Sputum or induced sputum samples from patients suspected of tuberculosis (Table 1) and spiked sputum or induced sputum samples with M. avium, M. kansasii and M. gordonae (Table 2) were processed as described above. Sputum or induced sputum was processed with equal volumes of a processing solution containing N-acetyl cysteine and sodium or calcium hypochlorite (processing solution). Briefly, the sputum was mixed with the processing solution, vortexed and incubated at room temperature between 20 to 30 min, with occasional mixing by inverting the tubes several times. After incubation the tubes were centrifuged at 3000 g for 15 minutes. Supernatant was removed. The pellet was washed once with water. The washed pellet was resuspended in 0.5 ml of water and an aliquot was tested by FISH assays for detection an speciation of mycobacteria to species level (M. tuberculosis complex (TB), M. avium complex (MAC), M. kansasii (M. kan), acid-fast staining and culture. The acid-fast stain prepared from sputum processed as above was compared to acid-fast smear prepared with processed pellet using either N-acetyl-cysteine/NaOH or NaOH. Results are summarized below in Table 1 and Table 2. In addition, an aliquot of the processed pellets after neutralization were cultured on LJ slants (Lowenstein-Jensen medium slants) and confirmed by FISH assays.
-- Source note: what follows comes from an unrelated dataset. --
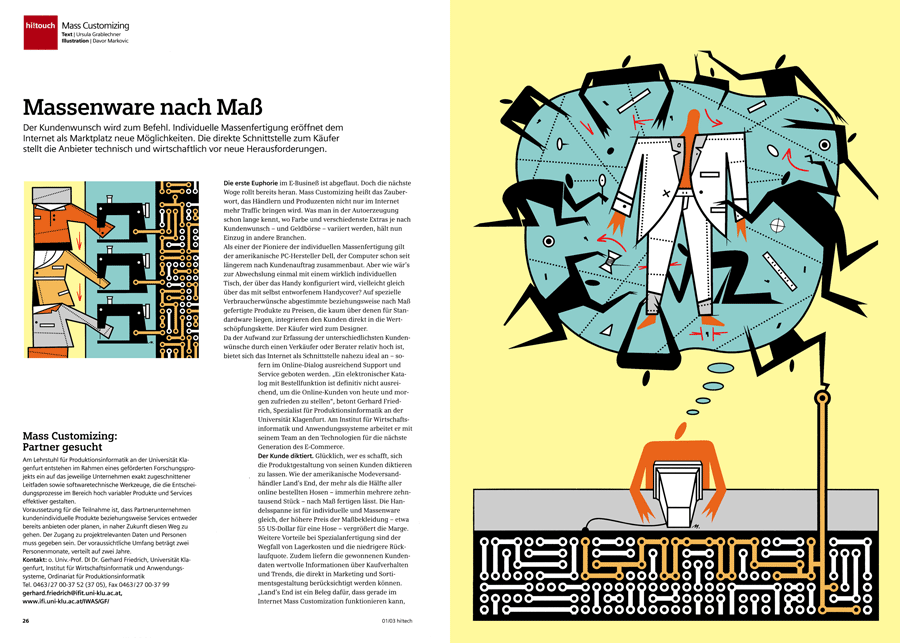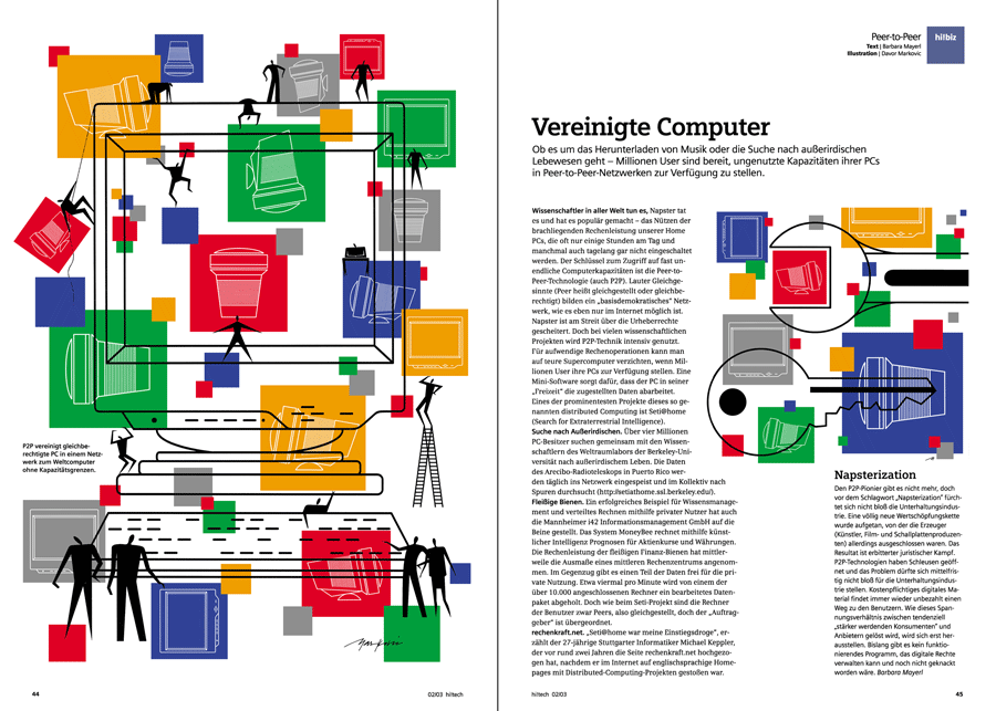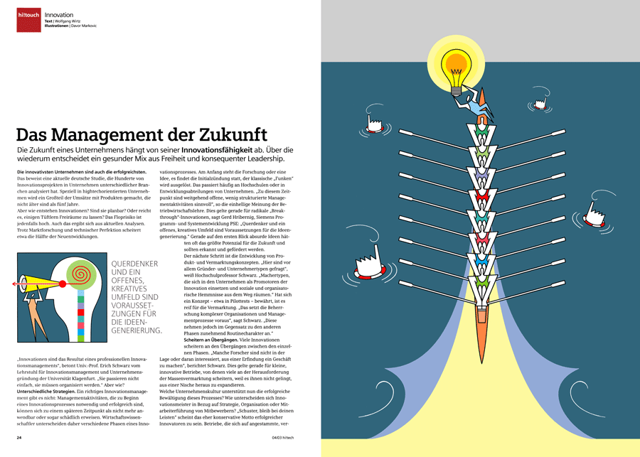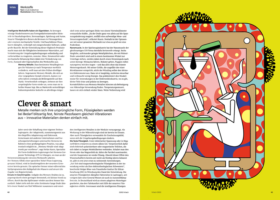 hi!tech – Das Zukunftsmagazin von Siemens Österreich ist eine Zeitschrift, die Themen der innovativen Technik und Technologie in allen Bereichen der zeitgenössischen Gesellschaft behandelt. Themen dieser Art bieten einen idealen Stoff für effektive konzeptuelle Illustrationen. Einige Illustrationen solcher Art von davor markovic design liegen in der Präsentation vor.

FISH Assays: Methanol fixed smears prepared from processed sputum or culture were tested by FISH assays. The methanol fixed smears were hybridized with mycobacteria genus (M-genus) probes for 30 min at 37 ° C. Excess probe was removed by washing the smear 3 times with a low salt buffer. The smears were completely dried and viewed under fluorescent microscope at 1000× magnification using specific filters. If the sample was positive for M-genus, the bacteria present in the smear gave a green signal. All the samples that were positive by the M-genus test were further tested by TB-FISH, using MTB complex specific probe, MAC-FISH using MAC specific probe, M. kansasii FISH, using M. kansasii specific probe. Results are presented in Table 1 and Table 2. Table 1 shows results from clinical samples. Table 2 shows results from negative sputum samples spiked with mycobacteria. Spiked samples were used in Table 2 to provide controlled conditions and to ensure consistency between conditions.